======== Provided material ========
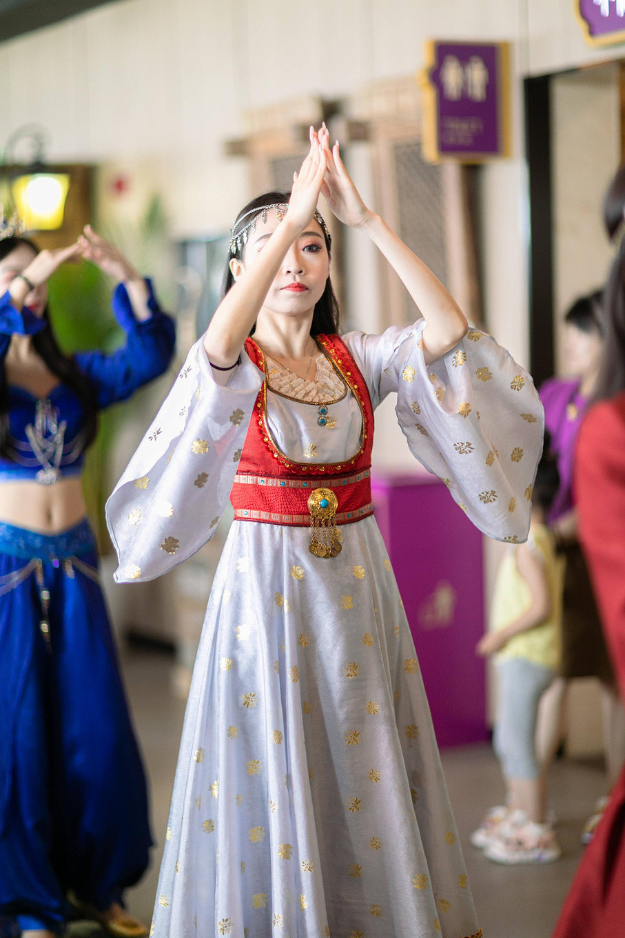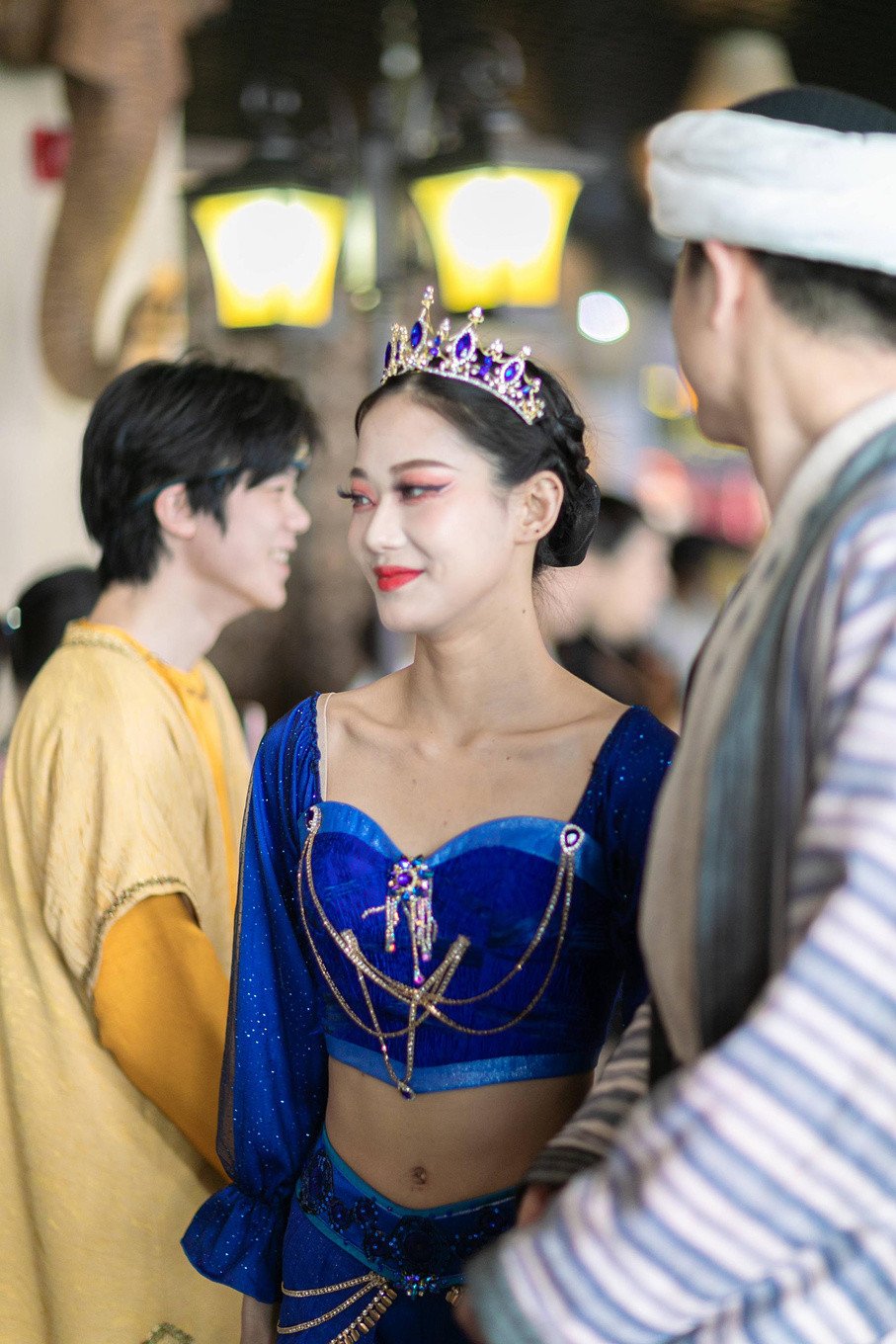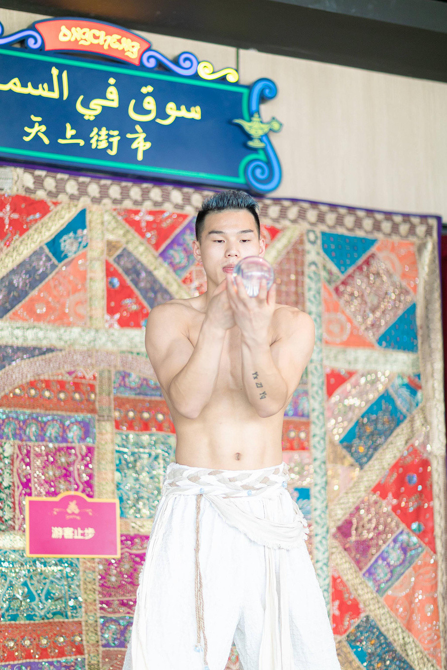 每天下午都会有一场神灯快闪,也在天上集市。演员们穿着阿拉伯的特色服饰从你的身边走过,来自阿拉伯的公主和王子就在你身边,演出的同时还会和游客们进行互动,可以说是一次非常棒的沉浸式体验。
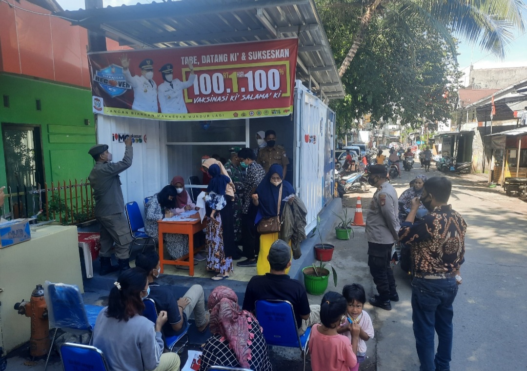 BN Online, Makassar–Pelaksanaan serbuan vaksinasi 100 RT Satu Hari 100 Persen yang berjalan di masing-masing Kelurahan se-kecamatan Ujung Tanah sudah mulai terlaksana, sebanyak ratusan Vaksin BioNTech Pfizer ditujukan untuk melindungi dari Covid-19 disiapkan untuk warga Kecamatan Ujung Tanah.
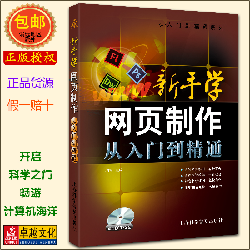 新手学网页制作从入门到精通 自学网站建设制作设计 Dreamweaver CS6 Flash PS 9787542759252上海科学普及出版社 正版包邮 附DVD
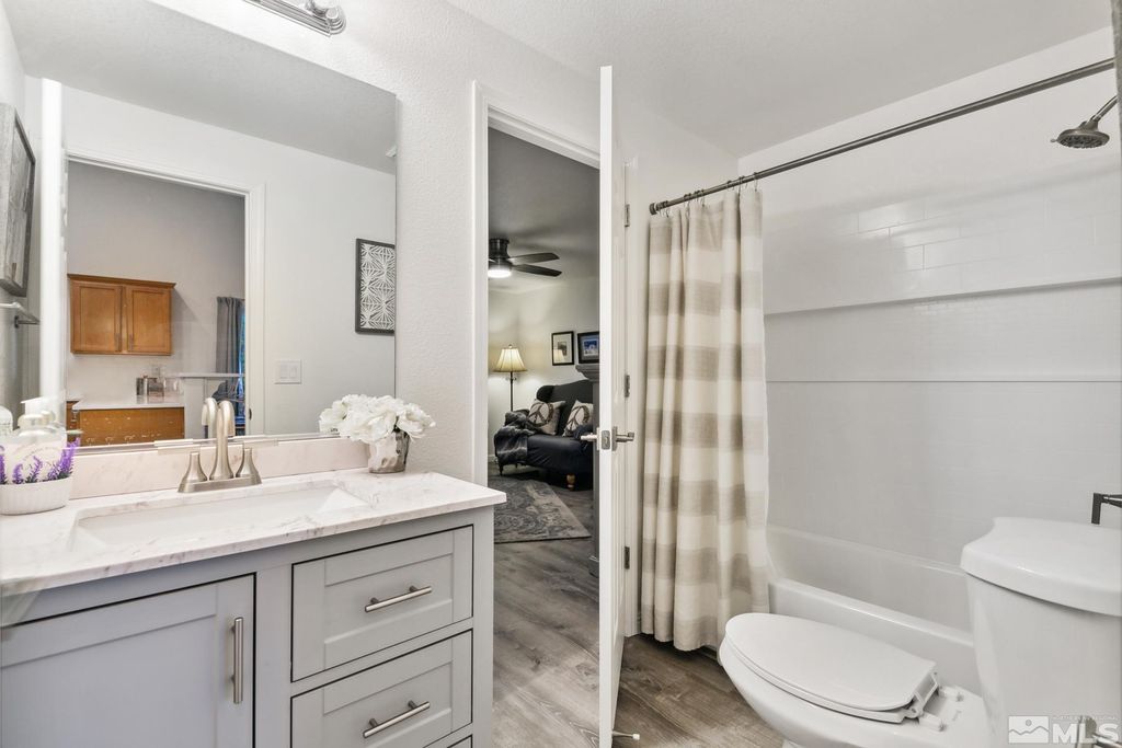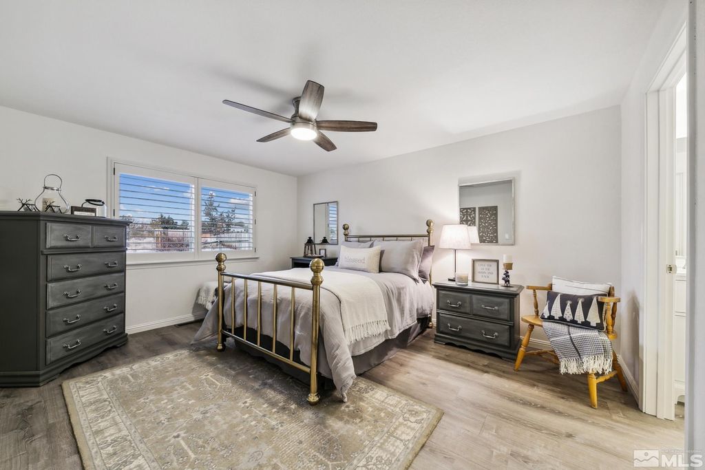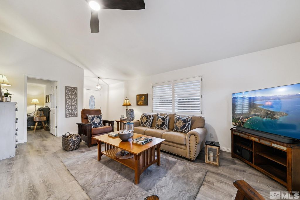 LOOKING for a STUNNING and meticulously remodeled GEM of a home in an EXCEPTIONAL location Experience the best of both worlds at 10 Conner Way, in Pine View Estates - peaceful, nature-inspired living with the downtown Minden/Gardnerville just minutes away. This beautifully updated light, bright and airy, elegant two bedroom, two bathroom home offers a perfect blend of modern upgrades and an abundance of natural light, highlighting the beautiful Life-Proof wide plank luxury vinyl flooring throughout,, providing durability and style. The neutral, completely repainted interior creates a warm and inviting atmosphere and plenty of space, perfect for entertaining and relaxing while enjoying the serene setting. This remodeled beauty features vaulted ceilings, an open living area and dining area and plantation shutters throughout the home, a sleek, remodeled kitchen with stunning Bianco Calcutta quartz countertops, all new energy efficient stainless steel GE Appliances, elevated breakfast bar with quartz counters, oversized upgraded sink/faucet, pantry in Laundry room and ample cabinet space in the kitchen and pantry/laundry room. Additional upgrades include remodeled bathrooms: Master Bathroom ensuite has a K hler dual sink vanity with Bianco Calcutta quartz , sleek glass enclosure shower/shower surround, new plumbing fixtures. The second bathroom has a new vanity with quartz top, shower/shower enclosure, plumbing fixtures, lighting, etc. The interior of the home also features new modern ceiling fans, all new interior and exterior modern light fixtures/lighting, upgraded hardware on interior doors, tankless water heater, new baseboards, door trim, NEST thermostat, RIng camera surveillance system and much more. Enjoy beautiful mountain views while sitting on your covered front porch or BBQing in your spacious backyard! The backyard is a true retreat, with expansive outdoor paver patios and ample space for entertaining while offering breathtaking mountain & valley views perfect for relaxation while taking in the backdrop of Nevada's scenic beauty.. Enjoy hiking, biking and exploring right from your home with a rear access gate and tall chain link fence in the backyard, also providing exceptional views of the natural terrain and direct access to BIA land. This well cared for move-in-ready home situated on a large, beautifully landscaped lot with mature trees, vibrant flowers, lush green lawn, expansive outdoor rear entertaining area, is matchless for time spent with family & friends, barbecuing or even stargazing while enjoying the serene & peaceful setting. Short 30 minute drive to beautiful Lake Tahoe to enjoy all it has to offer - skiing, boating, hiking, biking, camping and minutes from downtown Minden/Gardnerville with quaint shops, restaurants, galleries, antique stores & parks. One hour from the Reno/Tahoe International Airport. Fully Insulated 2 Car Garage, Fully landscaped front and rear and automatic drip system/sprinklers with Orbit Wi-Fi enabled controller for easy maintenance/control remotely from your phone. Fully fenced backyard is perfect for pets and privacy. Bonus landscaped side yard rock retention basin/easement outside wood fencing is included in lot square footage, providing for extra privacy buffer between neighboring home. HOA covers water, sewer, snow removal, road maintenance and common areas. HOA also includes RV storage lot onsite for a nominal fee. Offered Partially Furnished (per inventory) Don't miss this rare opportunity to make this stunning remodeled house your new dream home!
========
◆ Problem details:
What is needed here is an exact transcript of the data above, pictures excluded.

◆ The answer:
 每天下午都会有一场神灯快闪,也在天上集市。演员们穿着阿拉伯的特色服饰从你的身边走过,来自阿拉伯的公主和王子就在你身边,演出的同时还会和游客们进行互动,可以说是一次非常棒的沉浸式体验。
 BN Online, Makassar–Pelaksanaan serbuan vaksinasi 100 RT Satu Hari 100 Persen yang berjalan di masing-masing Kelurahan se-kecamatan Ujung Tanah sudah mulai terlaksana, sebanyak ratusan Vaksin BioNTech Pfizer ditujukan untuk melindungi dari Covid-19 disiapkan untuk warga Kecamatan Ujung Tanah.
 新手学网页制作从入门到精通 自学网站建设制作设计 Dreamweaver CS6 Flash PS 9787542759252上海科学普及出版社 正版包邮 附DVD
 LOOKING for a STUNNING and meticulously remodeled GEM of a home in an EXCEPTIONAL location Experience the best of both worlds at 10 Conner Way, in Pine View Estates - peaceful, nature-inspired living with the downtown Minden/Gardnerville just minutes away. This beautifully updated light, bright and airy, elegant two bedroom, two bathroom home offers a perfect blend of modern upgrades and an abundance of natural light, highlighting the beautiful Life-Proof wide plank luxury vinyl flooring throughout,, providing durability and style. The neutral, completely repainted interior creates a warm and inviting atmosphere and plenty of space, perfect for entertaining and relaxing while enjoying the serene setting. This remodeled beauty features vaulted ceilings, an open living area and dining area and plantation shutters throughout the home, a sleek, remodeled kitchen with stunning Bianco Calcutta quartz countertops, all new energy efficient stainless steel GE Appliances, elevated breakfast bar with quartz counters, oversized upgraded sink/faucet, pantry in Laundry room and ample cabinet space in the kitchen and pantry/laundry room. Additional upgrades include remodeled bathrooms: Master Bathroom ensuite has a K hler dual sink vanity with Bianco Calcutta quartz , sleek glass enclosure shower/shower surround, new plumbing fixtures. The second bathroom has a new vanity with quartz top, shower/shower enclosure, plumbing fixtures, lighting, etc. The interior of the home also features new modern ceiling fans, all new interior and exterior modern light fixtures/lighting, upgraded hardware on interior doors, tankless water heater, new baseboards, door trim, NEST thermostat, RIng camera surveillance system and much more. Enjoy beautiful mountain views while sitting on your covered front porch or BBQing in your spacious backyard! The backyard is a true retreat, with expansive outdoor paver patios and ample space for entertaining while offering breathtaking mountain & valley views perfect for relaxation while taking in the backdrop of Nevada's scenic beauty.. Enjoy hiking, biking and exploring right from your home with a rear access gate and tall chain link fence in the backyard, also providing exceptional views of the natural terrain and direct access to BIA land. This well cared for move-in-ready home situated on a large, beautifully landscaped lot with mature trees, vibrant flowers, lush green lawn, expansive outdoor rear entertaining area, is matchless for time spent with family & friends, barbecuing or even stargazing while enjoying the serene & peaceful setting. Short 30 minute drive to beautiful Lake Tahoe to enjoy all it has to offer - skiing, boating, hiking, biking, camping and minutes from downtown Minden/Gardnerville with quaint shops, restaurants, galleries, antique stores & parks. One hour from the Reno/Tahoe International Airport. Fully Insulated 2 Car Garage, Fully landscaped front and rear and automatic drip system/sprinklers with Orbit Wi-Fi enabled controller for easy maintenance/control remotely from your phone. Fully fenced backyard is perfect for pets and privacy. Bonus landscaped side yard rock retention basin/easement outside wood fencing is included in lot square footage, providing for extra privacy buffer between neighboring home. HOA covers water, sewer, snow removal, road maintenance and common areas. HOA also includes RV storage lot onsite for a nominal fee. Offered Partially Furnished (per inventory) Don't miss this rare opportunity to make this stunning remodeled house your new dream home!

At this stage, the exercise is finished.